Exercise directions :: Output everything in the data exactly, leaving the pictures out.

Dataset section ::
┌──

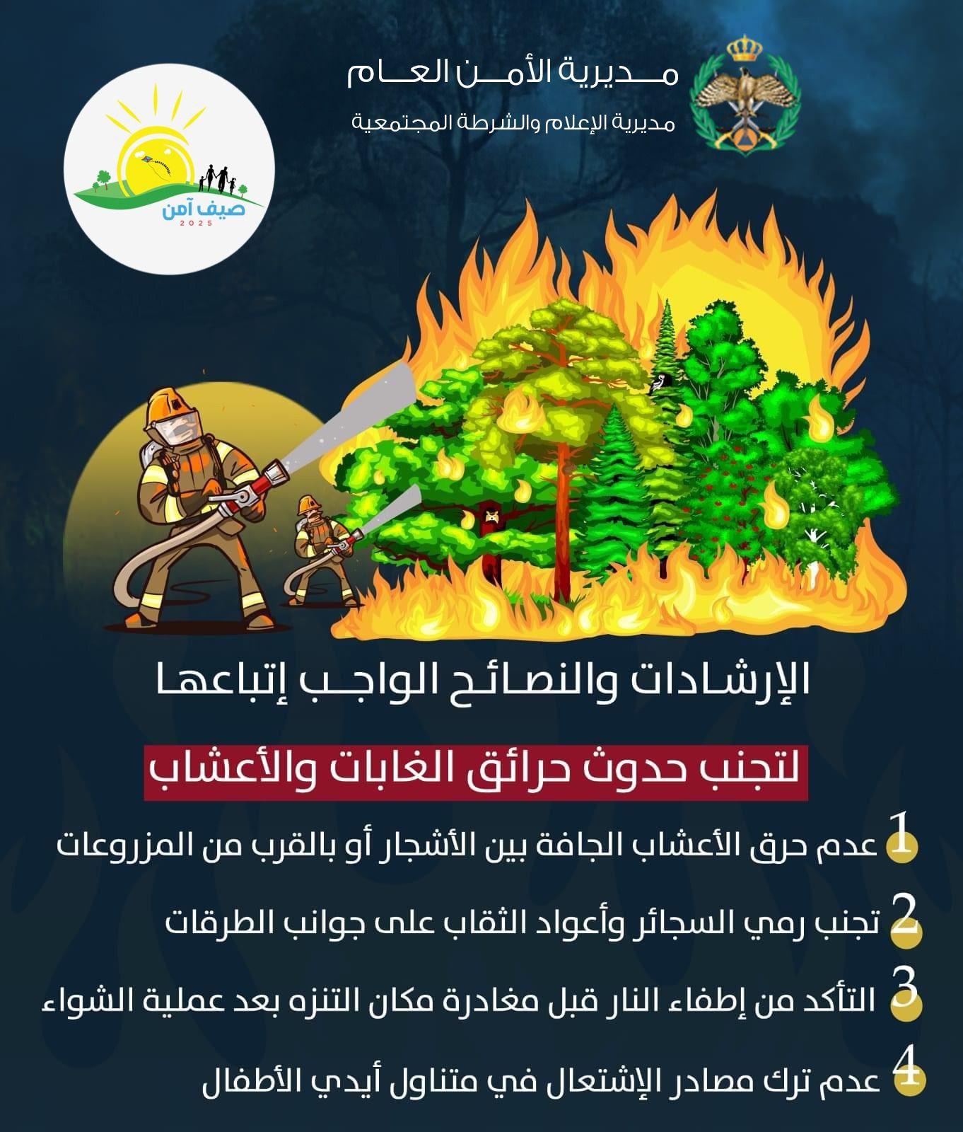 مديرية الأمن العام تحذر من خطر الحرائق وتدعو إلى حماية المواقع الطبيعية
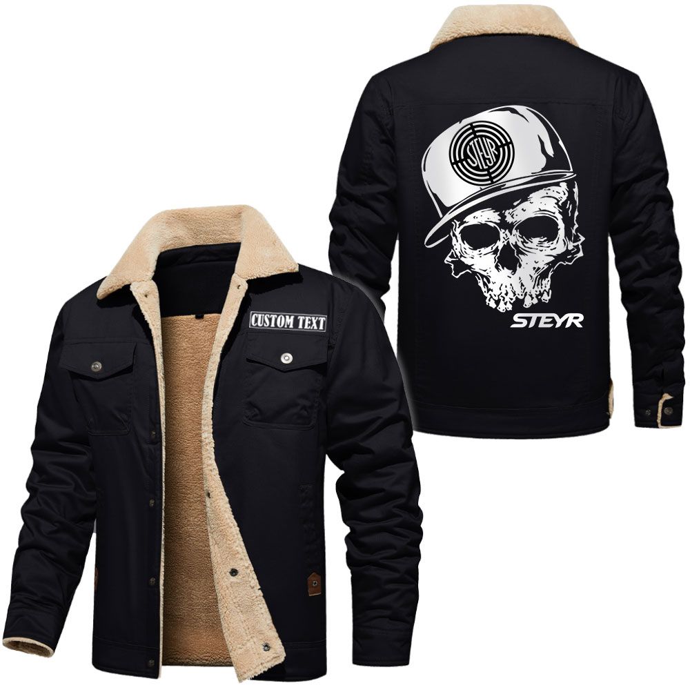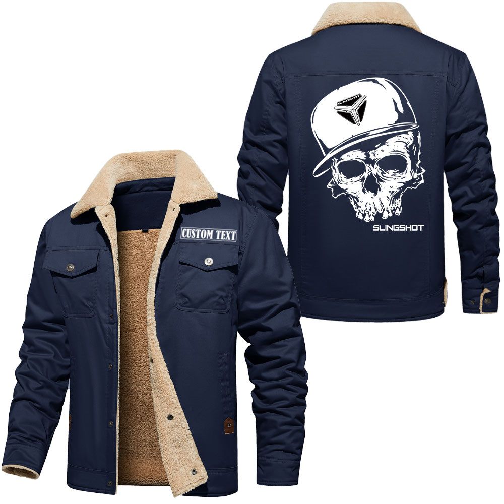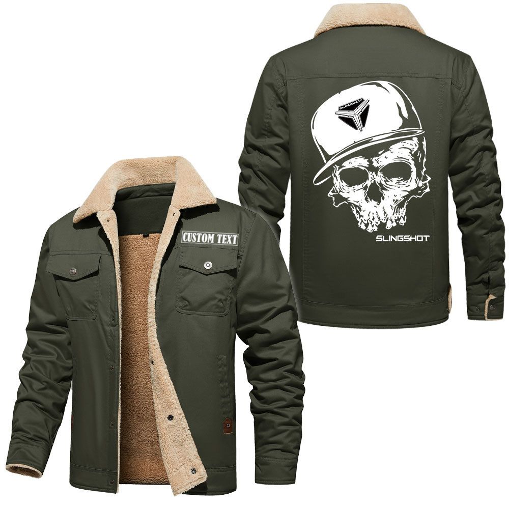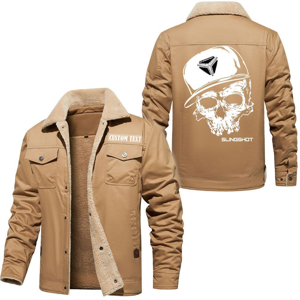 Slingshort Logo Custom Name Cargo Fleece Lined Cotton Jacket Personalized Outerwear with Skull Design
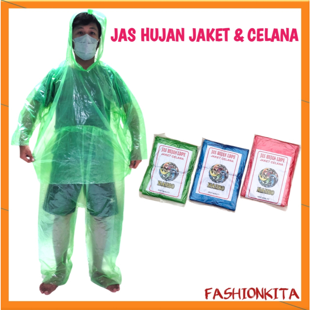 Jas Hujan Poncho Jas Hujan LDPE Jaket Celana Satu Setel Jas Hujan Plastik
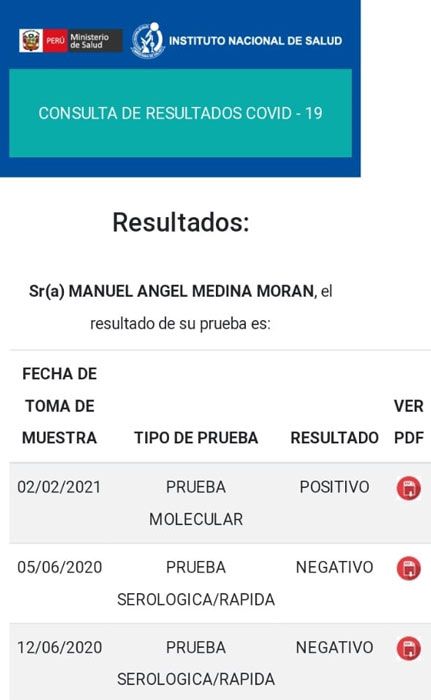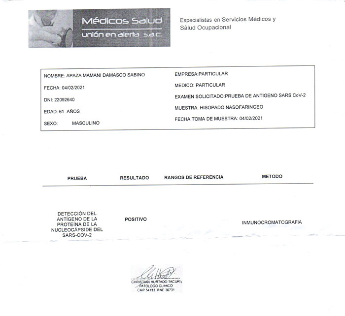 El médico ocupacional de la empresa le indicó a Damaso Apaza que tenía bronquitis y le recetó analgésicos. Pero el dolor corporal persistía. El 2 de febrero, y por insistencia de su hija, decidió bajar a la ciudad para hacerse la prueba antígena. Antes de salir del campamento minero, fue obligado a firmar una declaración jurada que aseguraba que no presentó síntomas de Covid-19 durante su estancia en el asiento minero.

└──

Task answer ::
 مديرية الأمن العام تحذر من خطر الحرائق وتدعو إلى حماية المواقع الطبيعية
 Slingshort Logo Custom Name Cargo Fleece Lined Cotton Jacket Personalized Outerwear with Skull Design
 Jas Hujan Poncho Jas Hujan LDPE Jaket Celana Satu Setel Jas Hujan Plastik
 El médico ocupacional de la empresa le indicó a Damaso Apaza que tenía bronquitis y le recetó analgésicos. Pero el dolor corporal persistía. El 2 de febrero, y por insistencia de su hija, decidió bajar a la ciudad para hacerse la prueba antígena. Antes de salir del campamento minero, fue obligado a firmar una declaración jurada que aseguraba que no presentó síntomas de Covid-19 durante su estancia en el asiento minero.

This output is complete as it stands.